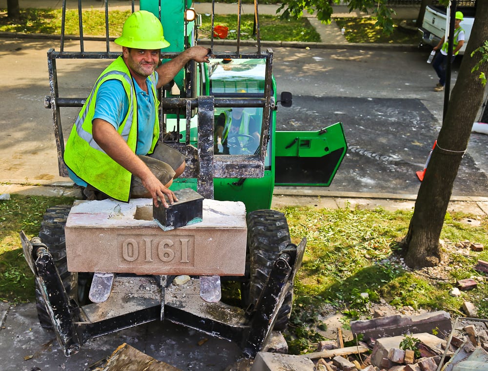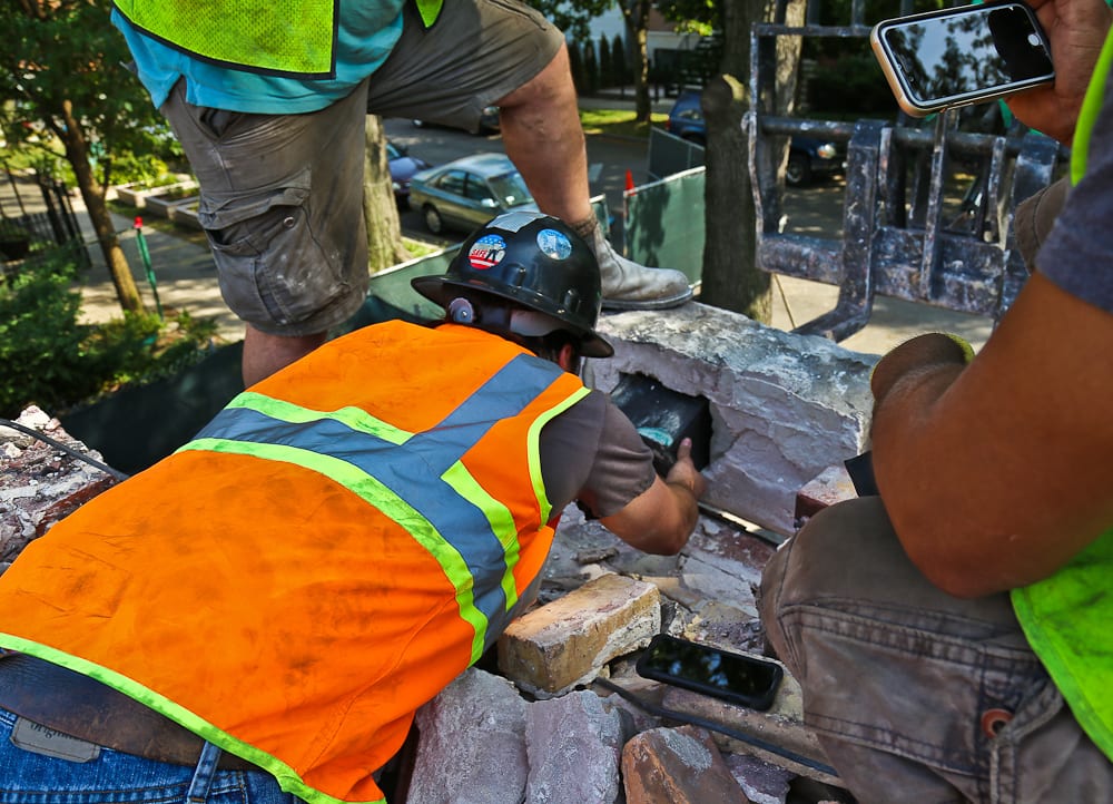 the following photo essay offers a glimpse of the capsule’s successful removal, where it was extracted from deep within the rectangular-shaped indiana limestone cornerstone. once removed, the 10 x 6 inch pressed and folded copper box was opened and the contents revealed. it was a long and stressful day, but the entire team onsite worked wonderfully together to secure the building’s remaining ornament and the church’s capsule during its fast-paced demolition. additional images of the ornament, its removal, and so on, will be included in a future post, as time permits.
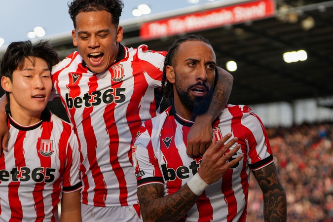 Sorba Thomas of Stoke City celebrates his goal to make it 2-0 during the Sky Bet Championship match Stoke City vs Swansea City at Bet365 Stadium, Stoke-on-Trent, United Kingdom, 13th December 2025, Credit:Maynard Manyowa/News Images / Avalon
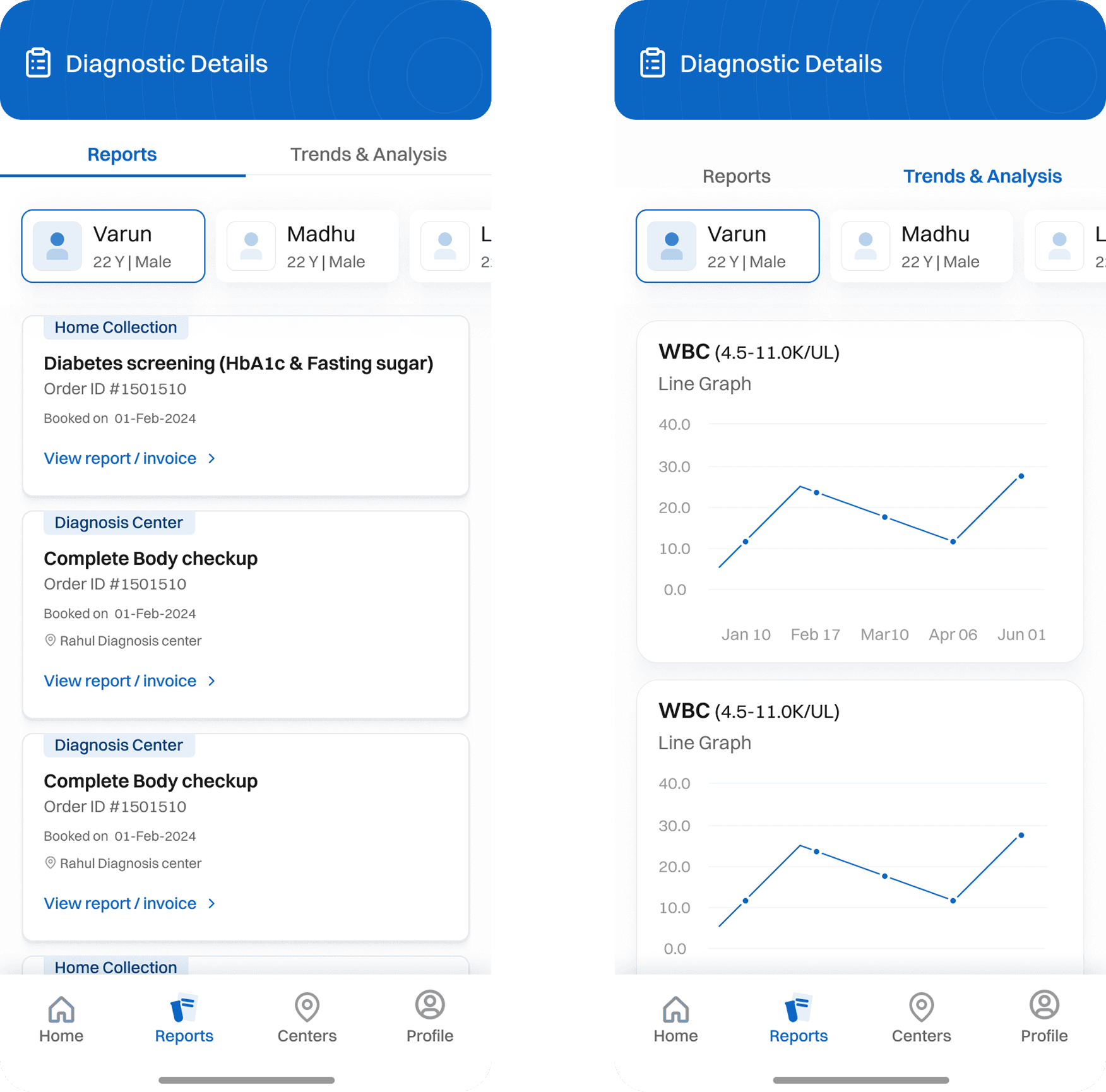 Users can now switch between family profiles, compare past results, and understand health trends without confusion. This improved clarity reduces support dependency and helps every user interpret their reports with confidence.
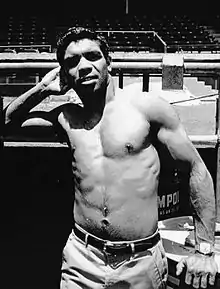 Rose won one more bout in 1966 and eight in 1967 (including a thirteenth-round knockout win against Rocky Gattellari to defend his Australian championship) before challenging Fighting Harada for the world bantamweight title on 26 February 1968 in Tokyo.[7] Rose made history by becoming the first Aboriginal Australian to be a world champion boxer when he defeated Harada in a 15-round decision.[8] This win made Rose an instant national hero in Australia and an icon among Aboriginal Australians. A public reception at Melbourne Town Hall was witnessed by a crowd of more than 10,000.[9] On 2 July of that year, he returned to Tokyo to retain his title with a 15-round decision win over Takao Sakurai. Then, on 6 December, he met Chucho Castillo at the Inglewood Forum in Inglewood, California. Rose beat Castillo by decision, but the points verdict in favour of him infuriated many in the pro-Castillo crowd and a riot began: 14 fans and fight referee Dick Young were hospitalised for injuries received.
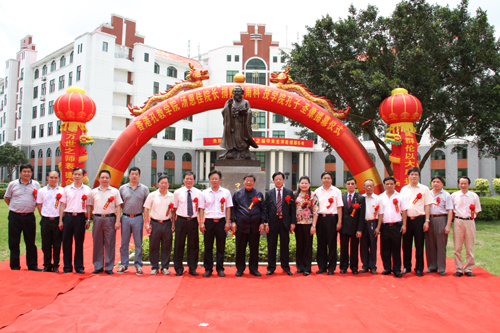 6月26日上午,我院在校大门口举行孔子圣像揭幕仪式。圣像捐赠人、香港孔教学院院长、国际儒学联合会副理事长汤恩佳博士,香港孔教学院副院长、香港汤恩佳孔子思想宣讲团永久荣誉团长、香港孔教总会永远名誉会长吕天增先生,香港汤恩佳孔子思想宣讲团团长、复旦大学博士杨发坤先生,南安市副市长李清安先生,福建师范大学校长助理郭警修先生,泉州市文庙管理处何振良先生,福州市孔子学会常务副会长柯远扬教授,福州市孔子学会秘书长、孔子75代孙孔海钦先生,我院戴宏达董事长、戴宽南副董事长、郭丹院长、林明旭党委常务副书记和有关部门负责同志、师生代表,福州市孔子学会理事、部分会员以及社会各界人士参加了揭幕仪式。仪式由我院周勇军副院长主持。
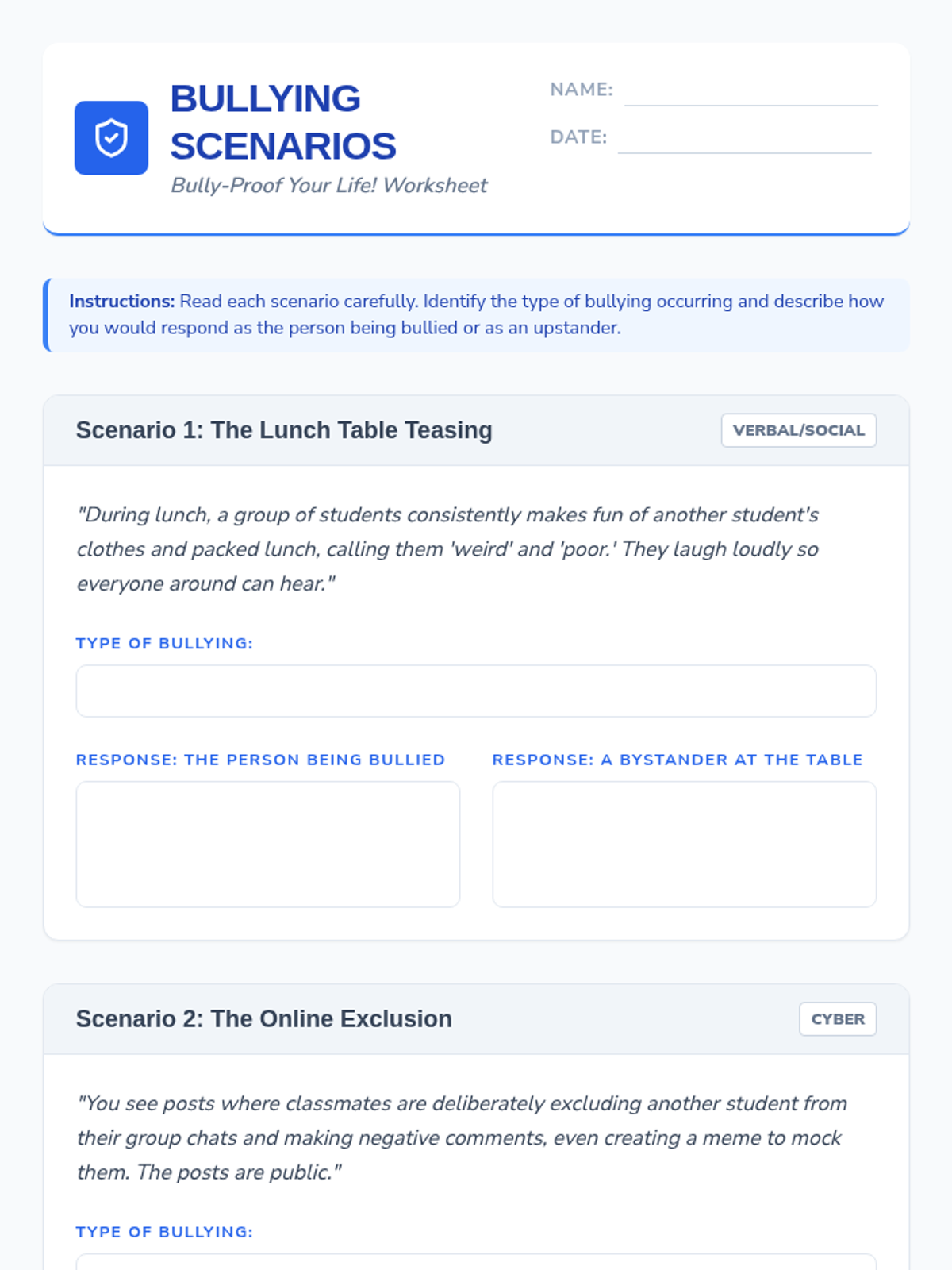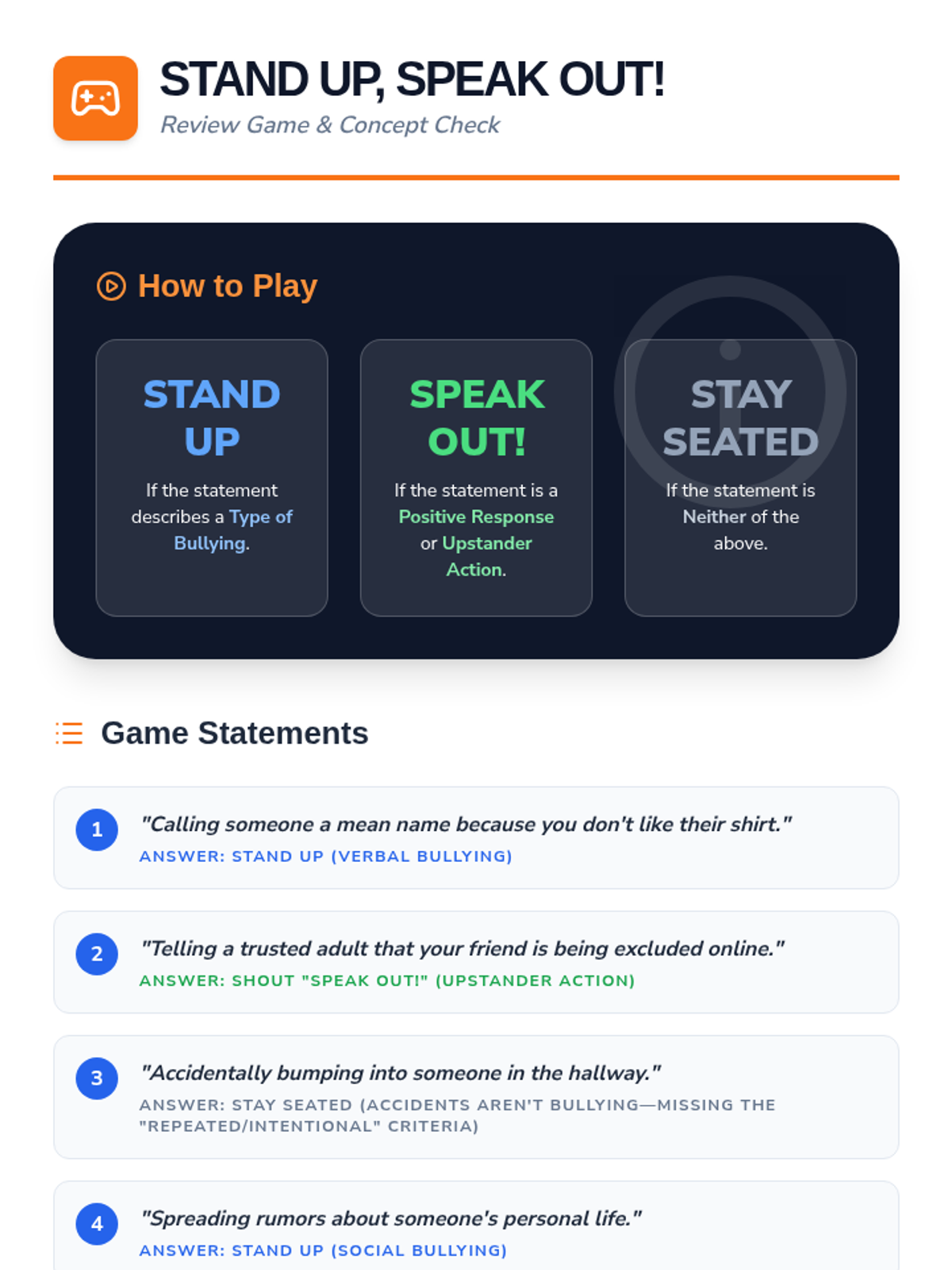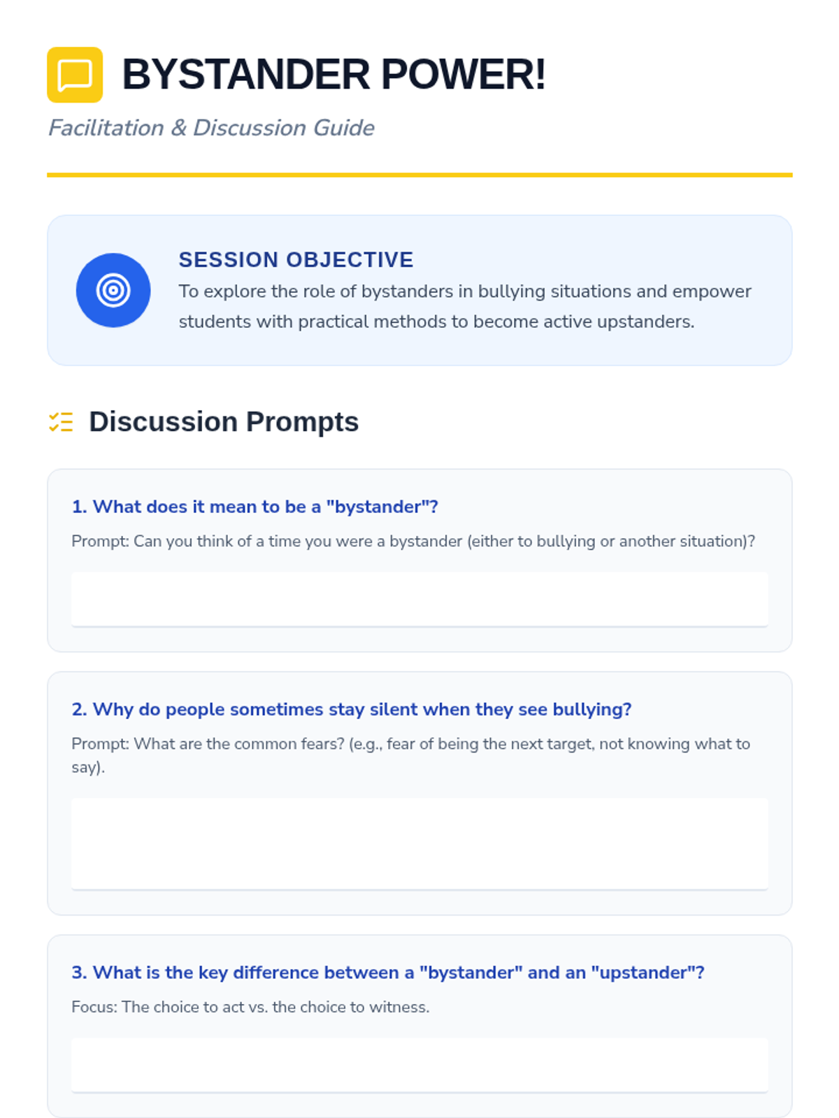 A comprehensive 30-minute lesson for 7th graders focused on identifying bullying types, understanding its impact, and developing practical 'upstander' strategies. Students engage through slides, scenarios, and interactive activities.
....................
● Task details
Print the complete listing exactly, apart from any pictures.

● Output
 the following photo essay offers a glimpse of the capsule’s successful removal, where it was extracted from deep within the rectangular-shaped indiana limestone cornerstone. once removed, the 10 x 6 inch pressed and folded copper box was opened and the contents revealed. it was a long and stressful day, but the entire team onsite worked wonderfully together to secure the building’s remaining ornament and the church’s capsule during its fast-paced demolition. additional images of the ornament, its removal, and so on, will be included in a future post, as time permits.
 Sorba Thomas of Stoke City celebrates his goal to make it 2-0 during the Sky Bet Championship match Stoke City vs Swansea City at Bet365 Stadium, Stoke-on-Trent, United Kingdom, 13th December 2025, Credit:Maynard Manyowa/News Images / Avalon
 Users can now switch between family profiles, compare past results, and understand health trends without confusion. This improved clarity reduces support dependency and helps every user interpret their reports with confidence.
 Rose won one more bout in 1966 and eight in 1967 (including a thirteenth-round knockout win against Rocky Gattellari to defend his Australian championship) before challenging Fighting Harada for the world bantamweight title on 26 February 1968 in Tokyo.[7] Rose made history by becoming the first Aboriginal Australian to be a world champion boxer when he defeated Harada in a 15-round decision.[8] This win made Rose an instant national hero in Australia and an icon among Aboriginal Australians. A public reception at Melbourne Town Hall was witnessed by a crowd of more than 10,000.[9] On 2 July of that year, he returned to Tokyo to retain his title with a 15-round decision win over Takao Sakurai. Then, on 6 December, he met Chucho Castillo at the Inglewood Forum in Inglewood, California. Rose beat Castillo by decision, but the points verdict in favour of him infuriated many in the pro-Castillo crowd and a riot began: 14 fans and fight referee Dick Young were hospitalised for injuries received.
 6月26日上午,我院在校大门口举行孔子圣像揭幕仪式。圣像捐赠人、香港孔教学院院长、国际儒学联合会副理事长汤恩佳博士,香港孔教学院副院长、香港汤恩佳孔子思想宣讲团永久荣誉团长、香港孔教总会永远名誉会长吕天增先生,香港汤恩佳孔子思想宣讲团团长、复旦大学博士杨发坤先生,南安市副市长李清安先生,福建师范大学校长助理郭警修先生,泉州市文庙管理处何振良先生,福州市孔子学会常务副会长柯远扬教授,福州市孔子学会秘书长、孔子75代孙孔海钦先生,我院戴宏达董事长、戴宽南副董事长、郭丹院长、林明旭党委常务副书记和有关部门负责同志、师生代表,福州市孔子学会理事、部分会员以及社会各界人士参加了揭幕仪式。仪式由我院周勇军副院长主持。
 A comprehensive 30-minute lesson for 7th graders focused on identifying bullying types, understanding its impact, and developing practical 'upstander' strategies. Students engage through slides, scenarios, and interactive activities.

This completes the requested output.